Data records
-----
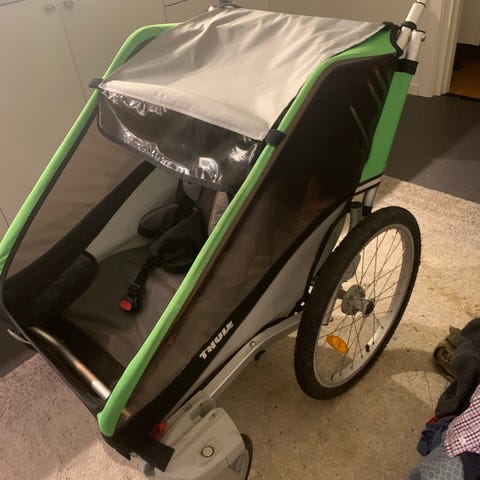 En toppenvagn på alla vis, smidig och att lätt att köra. Vi har använt den som vardagsvagn och löpvagn till och från olika aktiviteter. Förvarad inomhus, ej solblekt. Inköpt våren 2025. Väldigt fint skick förutom att det finns lite slitage och färg från våra vita dörrkarmar på sidorna, därav priset (se bilder). Den går in genom alla vanliga dörröppningar men vi har inte alltid prickat helt rätt, därav märkena. Ingår Thule bumper bars 2 st och Thule regnskydd i priset.
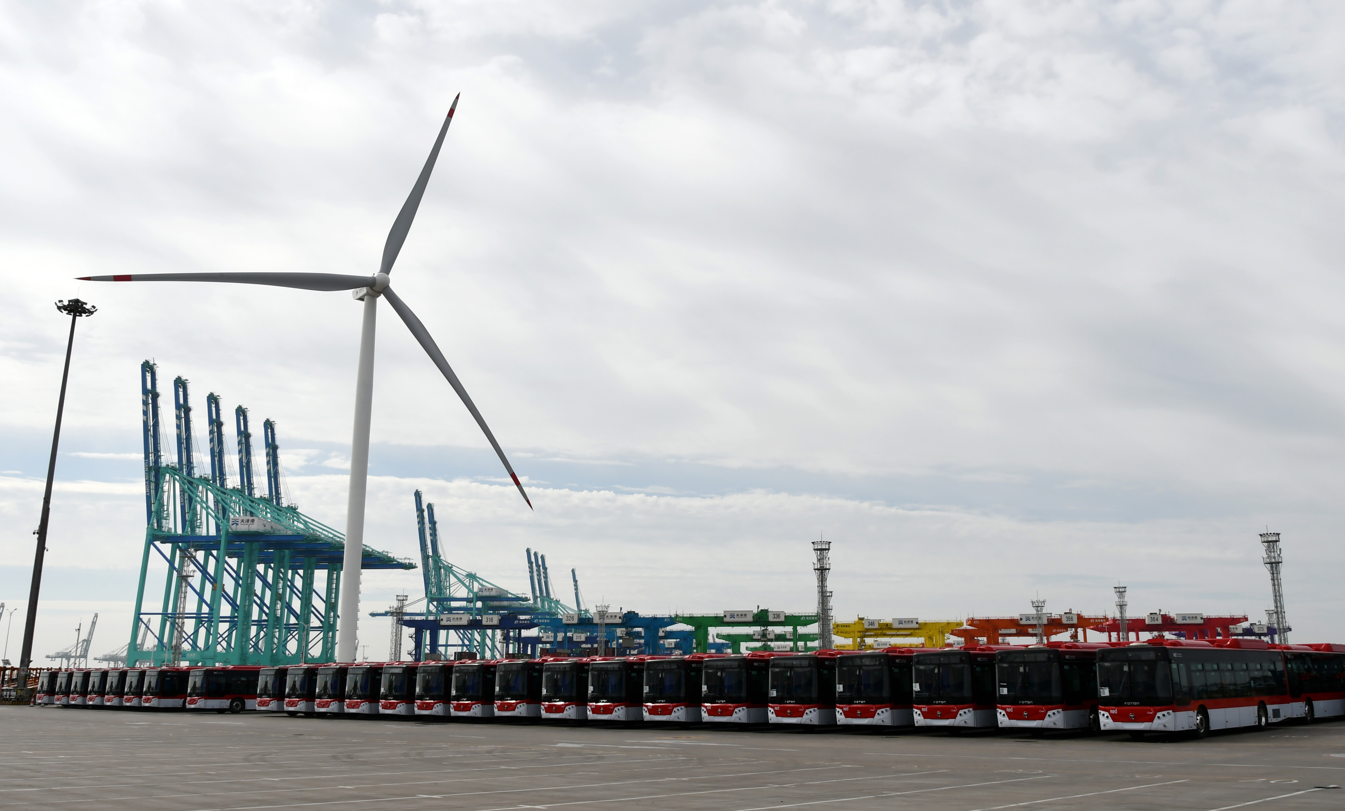 8月15日,100辆福田品牌新能源大巴车在环球滚装码头公司顺利装船,搭乘“海洛斯”轮驶往南美洲智利圣安东尼奥,创天津口岸国产自主品牌新能源大巴车出口历史新高。
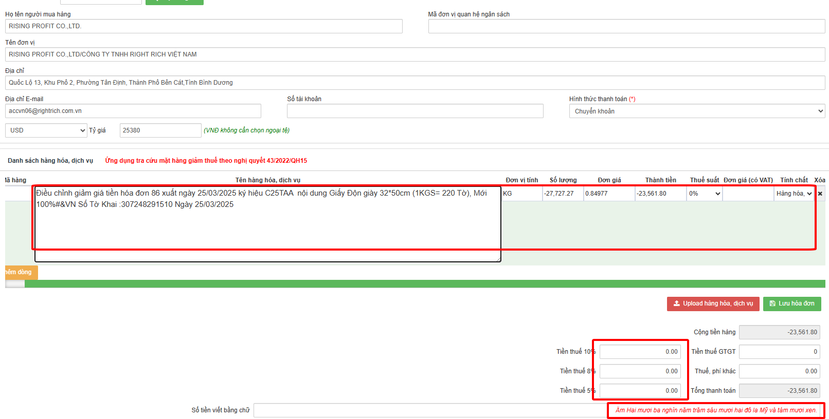 chọn đúng thuế suất mới và số tiền chênh lệch thuế)
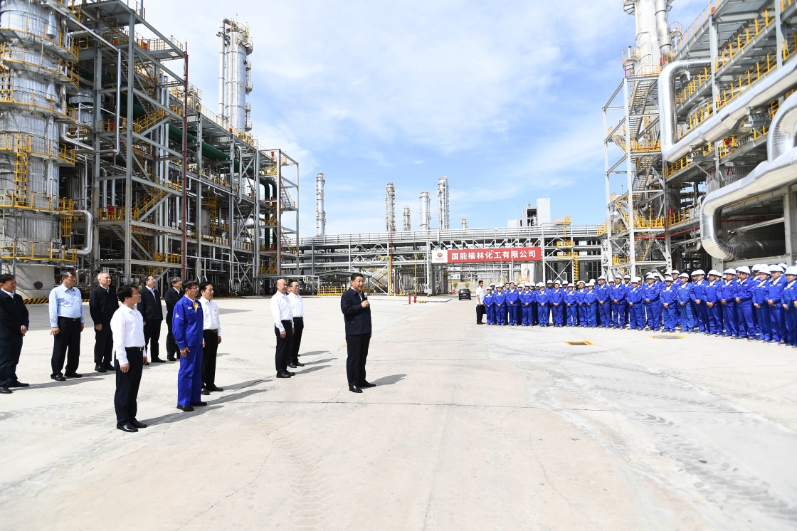 13日上午,習(xí)近平首先來到國(guó)家能源集團(tuán)榆林化工有限公司,了解循環(huán)經(jīng)濟(jì)煤炭綜合利用項(xiàng)目規(guī)劃建設(shè)運(yùn)行情況。在中心控制室,習(xí)近平觀看項(xiàng)目產(chǎn)品展示,對(duì)企業(yè)堅(jiān)持創(chuàng)新發(fā)展,堅(jiān)持安全、穩(wěn)定、清潔運(yùn)行的做法表示肯定。隨后,習(xí)近平到年產(chǎn)40萬噸乙二醇項(xiàng)目現(xiàn)場(chǎng)察看,詢問煤化工深度發(fā)展有關(guān)情況,同企業(yè)職工代表親切交流。他強(qiáng)調(diào),榆林是國(guó)家重要能源基地,為國(guó)家經(jīng)濟(jì)社會(huì)發(fā)展作出了重要貢獻(xiàn)。煤炭作為我國(guó)主體能源,要按照綠色低碳的發(fā)展方向,對(duì)標(biāo)實(shí)現(xiàn)碳達(dá)峰、碳中和目標(biāo)任務(wù),立足國(guó)情、控制總量、兜住底線,有序減量替代,推進(jìn)煤炭消費(fèi)轉(zhuǎn)型升級(jí)。煤化工產(chǎn)業(yè)潛力巨大、大有前途,要提高煤炭作為化工原料的綜合利用效能,促進(jìn)煤化工產(chǎn)業(yè)高端化、多元化、低碳化發(fā)展,把加強(qiáng)科技創(chuàng)新作為最緊迫任務(wù),加快關(guān)鍵核心技術(shù)攻關(guān),積極發(fā)展煤基特種燃料、煤基生物可降解材料等。
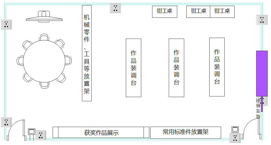 机械创新实验室占地面积约200m2,配备了智慧屏幕、会议桌、电工桌、工作桌等设施,同时置物架摆放着各种实验器材、器件和工具,为创新设计制作提供便利。实验室旨在为机械类创新比赛、创新创业作品的设计组装以及获奖作品的展示提供场所和支持,为《机械设计基础》课程创新设计实验提供案例支持和平台支持。目前实验室团队主要参加了全国大学生机械创新设计大赛、大学生创新创业大赛、“挑战杯”中国大学生创业计划竞赛等赛项。通过参与这些比赛,学生将获得宝贵的创新经验,并在团队合作、项目管理和创新设计等方面得到全面锻炼,为未来的工程实践和创业奠定坚实基础。
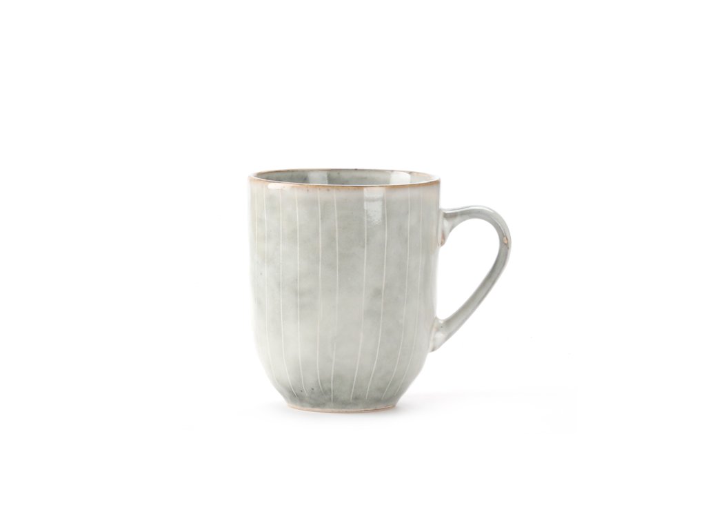 Hrnek na čaj od naší značky Clay je jedinečný a stane se vaším společníkem pro chvíle pohody. Jeho krémově šedá glazura plynule přechází od světlého tónu u horního okraje k tmavším odstínům, čímž vytváří nádherný vizuální efekt. Povrch zdobí decentní, světlé proužky, které dodávají hrnku sofistikovanost a příjemnou texturu. Díky ručnímu glazování má každý keramický hrnek svůj originální odstín, který se pohybuje na škále od světlých až po tmavší tóny krémově šedé. S objemem 350 ml je ideální pro vaši ranní kávu, čaj nebo horkou čokoládu. Díky robustnímu uchu a příjemnému tvaru se pohodlně drží v ruce. Tento hrnek perfektně doplní váš jídelní servis Calma, ať už si vyberete talíře, misky nebo konvici ze stejné kolekce.
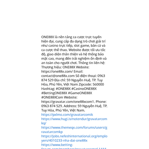 Website: https://gravatar.com/one88xcom1. ONE88X là nền tảng ca cược trực tuyến hiện đại, cung cấp đa dạng trò chơi giải trí như casino trực tiếp, slot game, bắn cá và ca cược thể thao. Website được tối ưu tốc độ, giao diện thân thiện và hệ thống bảo
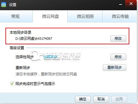3、微云網盤設置界面中我們可以設置同步的目錄,安裝完成后會自動新建同步目錄,這里我們可以自己新建一個并添加此目錄為默認同步目錄。
-----
TASK DESCRIPTION
The answer should consist only of the lines from the line with "机械创新实验室占地面积约20" through the last line of the data, repeated exactly; pictures stay out.

EXERCISE OUTPUT
 机械创新实验室占地面积约200m2,配备了智慧屏幕、会议桌、电工桌、工作桌等设施,同时置物架摆放着各种实验器材、器件和工具,为创新设计制作提供便利。实验室旨在为机械类创新比赛、创新创业作品的设计组装以及获奖作品的展示提供场所和支持,为《机械设计基础》课程创新设计实验提供案例支持和平台支持。目前实验室团队主要参加了全国大学生机械创新设计大赛、大学生创新创业大赛、“挑战杯”中国大学生创业计划竞赛等赛项。通过参与这些比赛,学生将获得宝贵的创新经验,并在团队合作、项目管理和创新设计等方面得到全面锻炼,为未来的工程实践和创业奠定坚实基础。
 Hrnek na čaj od naší značky Clay je jedinečný a stane se vaším společníkem pro chvíle pohody. Jeho krémově šedá glazura plynule přechází od světlého tónu u horního okraje k tmavším odstínům, čímž vytváří nádherný vizuální efekt. Povrch zdobí decentní, světlé proužky, které dodávají hrnku sofistikovanost a příjemnou texturu. Díky ručnímu glazování má každý keramický hrnek svůj originální odstín, který se pohybuje na škále od světlých až po tmavší tóny krémově šedé. S objemem 350 ml je ideální pro vaši ranní kávu, čaj nebo horkou čokoládu. Díky robustnímu uchu a příjemnému tvaru se pohodlně drží v ruce. Tento hrnek perfektně doplní váš jídelní servis Calma, ať už si vyberete talíře, misky nebo konvici ze stejné kolekce.
 Website: https://gravatar.com/one88xcom1. ONE88X là nền tảng ca cược trực tuyến hiện đại, cung cấp đa dạng trò chơi giải trí như casino trực tiếp, slot game, bắn cá và ca cược thể thao. Website được tối ưu tốc độ, giao diện thân thiện và hệ thống bảo
3、微云網盤設置界面中我們可以設置同步的目錄,安裝完成后會自動新建同步目錄,這里我們可以自己新建一個并添加此目錄為默認同步目錄。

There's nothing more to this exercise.